I've found it depends on the conditions. If there is no current a Carolina rig will work fine. I tried one yesterday but with a longshore current it completely tangled everything.


----------



## johnf (Jan 20, 2012)

What's a longshore current?


----------



## Pompano Joe (Jan 28, 2009)

Breakaway Takle and Development sells a really cool clip (the Imp Clip) for beach casting. Designed to make you rig aerodynamic for greater distance. Check out this link, http://vimeo.com/24217797, or their web site www.breakawayusa.com . Great Surf Rods, too, marketed under the Breakaway name (I have two and love them).
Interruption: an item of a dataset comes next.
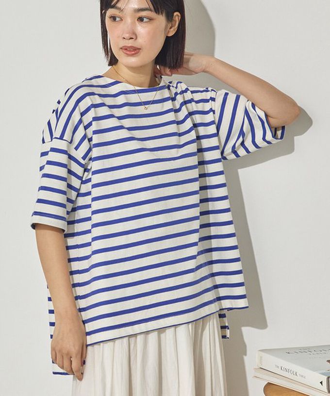 • 品名:100%棉 定番條紋落肩五分袖上衣

Jim Callahan over in Perdido introduced me to these, and I've been using them ever since. I put a small attracter/float on the hook end as Jim did with the first rig he tied me. Let me know if you have any questions.


----------



## bigspoon17 (May 31, 2011)

It's a current that runs parallel to the beach.


----------



## Charlie2 (Oct 2, 2007)

*Pompano Fishing*



johnf said:


> I've always used 2-4 oz pyramid weights with a pompano rig, but my last time down there I found myself working them like I would bass fishing with a plastic worm. I lost a lot less bait and caught more fish per bait. I was thinking using a carolina rig or maybe a jig with bait might be more productive for me. I think a setup like that would also be a lot easier to cast with my rods. Does anyone else fish like that on the beach?


I 'Run and Gun' for Pompano; fishing with home made jigs and teasers. I find that I can cover more water to locate the fish. When I do locate the fish; I will stop and fish that 'hole' until things quit; then move on.

Doctors have restricted to me to two hours fishing so I make the most of it.

PJ: Stop by and I'll show you how to make a Long Range Fish Finder Clipdown Rig. I still have many jigs and teasers on hand.

I still need a handle for the Mitchell 406. C2


----------



## Pompano Joe (Jan 28, 2009)

Will do Charlie!


----------